Tuesday, November 22, 2011

Sweet & Salty Chocolate Pretzel Shortbread

I love the sweet/salty combination so when I saw this recipe for Pretzel-Shortbread Bars in a recent issue of Martha Stewart Living I had to try it.  It just sounded too good to be true the sweet the salty the perfection – I would no longer need to be torn between those two contrasting and favorite tastes because it was going to be all in one cookie.

I ran out to The Main Course (one of my favorite kitchen stores in Toronto) to buy a 4¼” x 13 ½” fluted tart pans with a removable bottom which the recipe calls for but totally does not need because you can make it in an 8” or 9” square or circle pan.  Martha never tells you these kinds of details so you end up with a lot of pans that you really don’t have room for – because few of us have multiple huge kitchens like Martha.  That being said, I do see that this fluted tart pan will be a useful pan for brunch tarts and making this recipe over and over again. 

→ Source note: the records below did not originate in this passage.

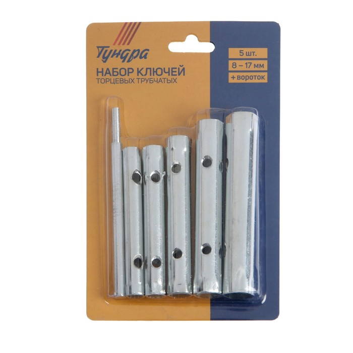 Набор ключей торцевых трубчатых ТУНДРА, оцинкованные, 8 - 17 мм, вороток, 6 предметов
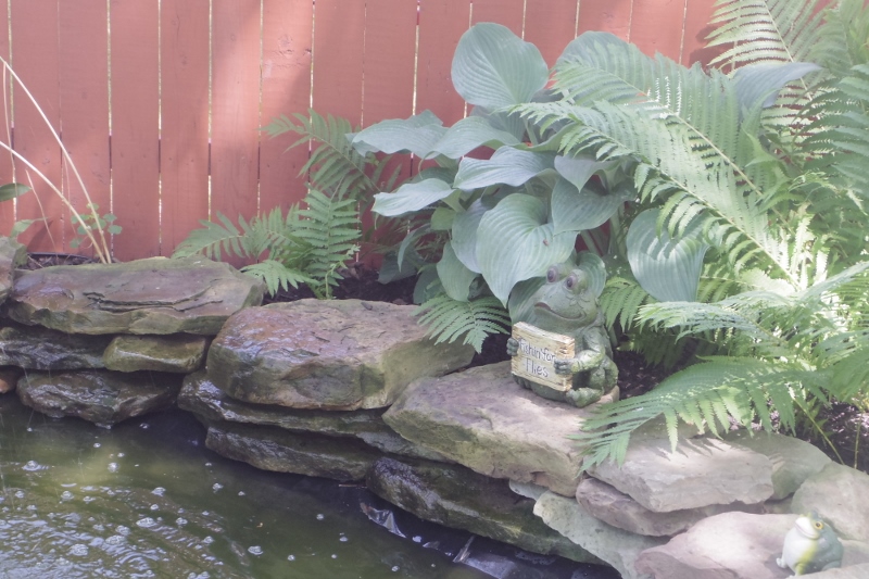| Peaceful A backyard pond maybe filled with goldfish maybe a restful place for frogs joy filled. |
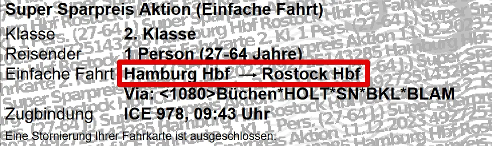 Diese Gleichstellung war bei der Buchung nicht direkt zu erkennen, aber spätestens bei Zustellung des Tickets für die Fahrt. Hierbei galt: Wenn auf dem Ticket nur ein Stadtname aufgedruckt ist, greift die Gleichstellung. Das war fast immer der Fall, mit Ausnahme des Super Sparpreis Aktion für 12,90€ bzw. 14,90€:
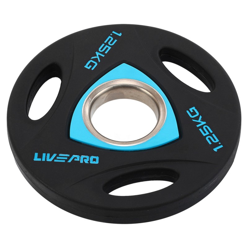 Диски поліуретанові з потрійним хватом та металевою втулкою LiveUp ø51мм, 1,25кг, чорний, код: LP8020-1_25
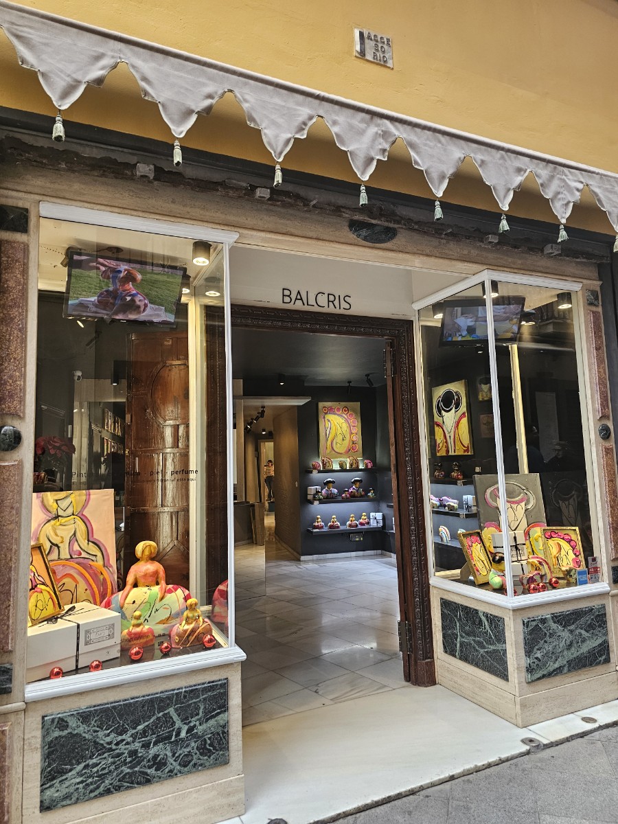 그렇게 여러 상점들을 지나 프란스코 거리가 끝날 무렵 El Jardin이라는 선물가게 옆엔 노란색 건물에 이름 없는 상점에 진열된 목걸이 등 엑세서리가 여성들을 유혹하고 있고, 좀더 가니깐 Balcris라는 미술관도 보였다. 거리의 상점과 사람들을 구경삼아 사진도 찍으면서 지루하지 않게 걸었던 것 같다.
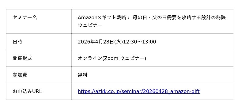 株式会社AZ(本社:大阪市中央区本町、代表取締役社長:藤堂 高義)は、2026年4月28日(火)12:30から【Amazon×ギフト戦略: 母の日・父の日需要を攻略する設計の秘訣ウェビナー】をオンラインで開催いたします。
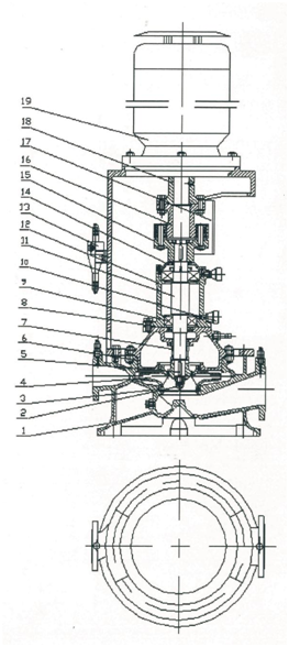 1.泵體 2.葉輪螺母 3.密封環(huán) 4.葉輪 5.鍵 6.泵蓋 7.機械密封 8.油封 9.軸承 10.旋蓋式油杯 11.軸 12.軸承體 13.旋液分離器 14.壓蓋 15.泵聯(lián)軸器 16.中間聯(lián)軸器 17.護罩 18.電機連接法蘭 19.電機

And then, I made the recipe as directed.  It was good, really quite nice, but (did you hear that coming…) I just felt it was missing something.  I sampled it around to some friends and everyone liked it but (see that word again…) a few discerning friends agreed that it could be even better.  Carol and Shari suggested chocolate chips which I though was a really good idea and was going to go down that path until I had a very serious discussion with my friend Alan who mentioned that he does not really like pretzels unless they are chocolate covered – LIGHT BULB -- and I adapted the recipe. 
This really great shortbread will satisfy a multiple of flavour cravings in a single morsel so no need to bake anything else.

1½ cups mini pretzels in any shape (this is going to be ground into ½ cup of “pretzel flour”
1½ cups chocolate covered pretzels (this makes the crumble pretzels – I think even the pretzel M&M’s would be great but if I keep adapting this recipe I’ll never get it posted)
½ cup all-purpose flour
½ tsp baking powder
1 stick unsalted butter, at room temperature
½ cup sugar
1 large egg yolk

Preheat oven to 325O
Coat a 4¼” x 13 ½” fluted tart pan with removable bottom with cooking spray (TIP:  remember you can use 8” or 9” square or circle pan // ANOTHER TIP:  When baking I use a baking spray with flour -- specifically I use Pillsbury Baking Spray with Flour).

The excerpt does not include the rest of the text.